Foreign relations

As the Union of South Africa, the country was a founding member of the United Nations. The then Prime Minister Jan Smuts wrote the preamble to the United Nations Charter. South Africa is one of the founding members of the African Union (AU), and has the second largest economy of all the members. It is also a founding member of the AU’s New Partnership for Africa’s Development (NEPAD).

South Africa has played a key role as a mediator in African conflicts over the last decade, such as in Burundi, the Democratic Republic of Congo, the Comoros, and Zimbabwe. After apartheid ended, South Africa was readmitted to the Commonwealth of Nations. The country is a member of the Group of 77 and chaired the organisation in 2006. South Africa is also a member of the Southern African Development Community, South Atlantic Peace and Cooperation Zone, Southern African Customs Union, Antarctic Treaty System, World Trade Organization, International Monetary Fund, G20, G8+5, and the Port Management Association of Eastern and Southern Africa.

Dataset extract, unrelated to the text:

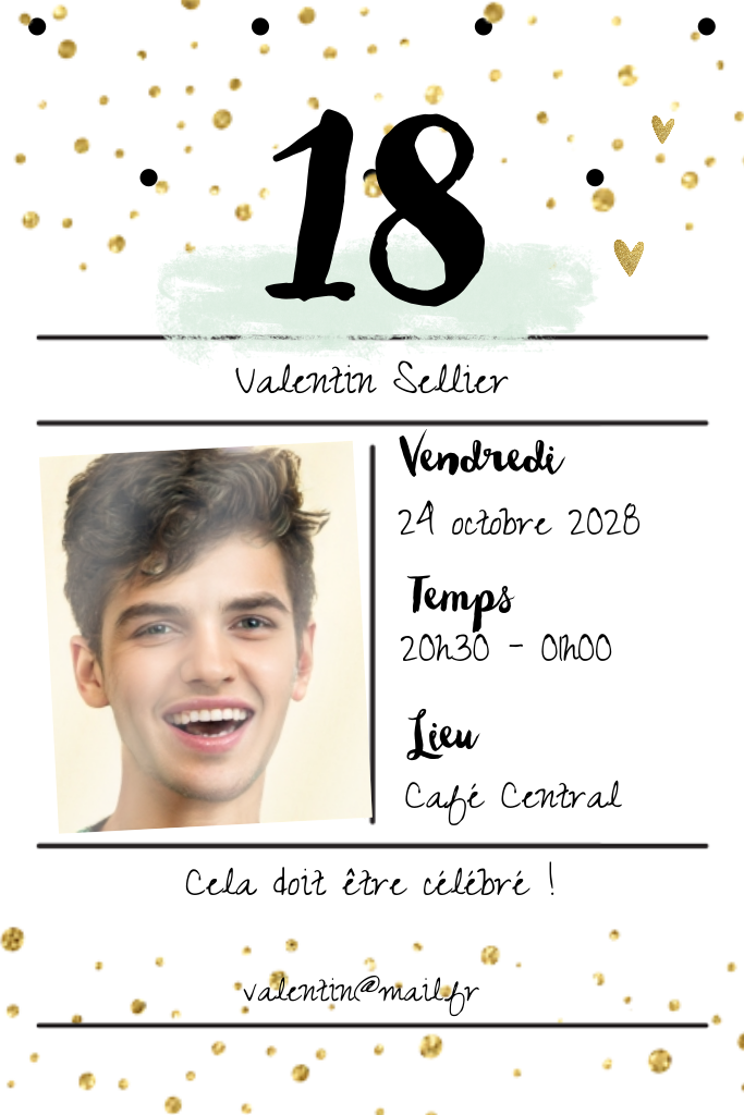 Carte d'invitation moderne pour les 18 ans avec photo et confettis.

South African President Jacob Zuma and Chinese President Hu Jintao upgraded bilateral ties between the two countries on 24 August 2010, when they signed the Beijing Agreement, which elevated South Africa’s earlier “strategic partnership” with China to the higher level of “comprehensive strategic partnership” in both economic and political affairs, including the strengthening of exchanges between their respective ruling parties and legislatures. In April 2011, South Africa formally joined the Brazil-Russia-India-China (BRICS) grouping of countries, identified by President Zuma as the country’s largest trading partners, and also the largest trading partners with Africa as a whole. Zuma asserted that BRICS member countries would also work with each other through the UN, the Group of Twenty (G20) and the India, Brazil South Africa (IBSA) forum.

Military

 South African National Defence Force

The South African National Defence Force (SANDF) was created in 1994, as an all volunteer force composed of the former South African Defence Force, the forces of the African nationalist groups (Umkhonto we Sizwe and Azanian People’s Liberation Army), and the former Bantustan defence forces. The SANDF is subdivided into four branches, the South African Army, the South African Air Force, the South African Navy, and the South African Military Health Service. In recent years, the SANDF has become a major peacekeeping force in Africa, and has been involved in operations in Lesotho, the Democratic Republic of the Congo, and Burundi, amongst others. It has also served in multi-national UN peacekeeping forces such as the United Nations Force Intervention Brigade for example.

South Africa is the only African country to have successfully developed nuclear weapons. It became the first country (followed by Ukraine) with nuclear capability to voluntarily renounce and dismantle its programme and in the process signed the Nuclear Non-Proliferation Treaty in 1991. South Africa undertook a nuclear weapons programme in the 1970s. According to former state president FW de Klerk, the decision to build a “nuclear deterrent” was taken “as early as 1974 against a backdrop of a Soviet expansionist threat.” South Africa is alleged to have conducted a nuclear test over the Atlantic in 1979, although this is officially denied. Former president FW de Klerk maintained that South Africa had “never conducted a clandestine nuclear test.” Six nuclear devices were completed between 1980 and 1990, but all were dismantled before South Africa signed the Nuclear Non-Proliferation Treaty in 1991.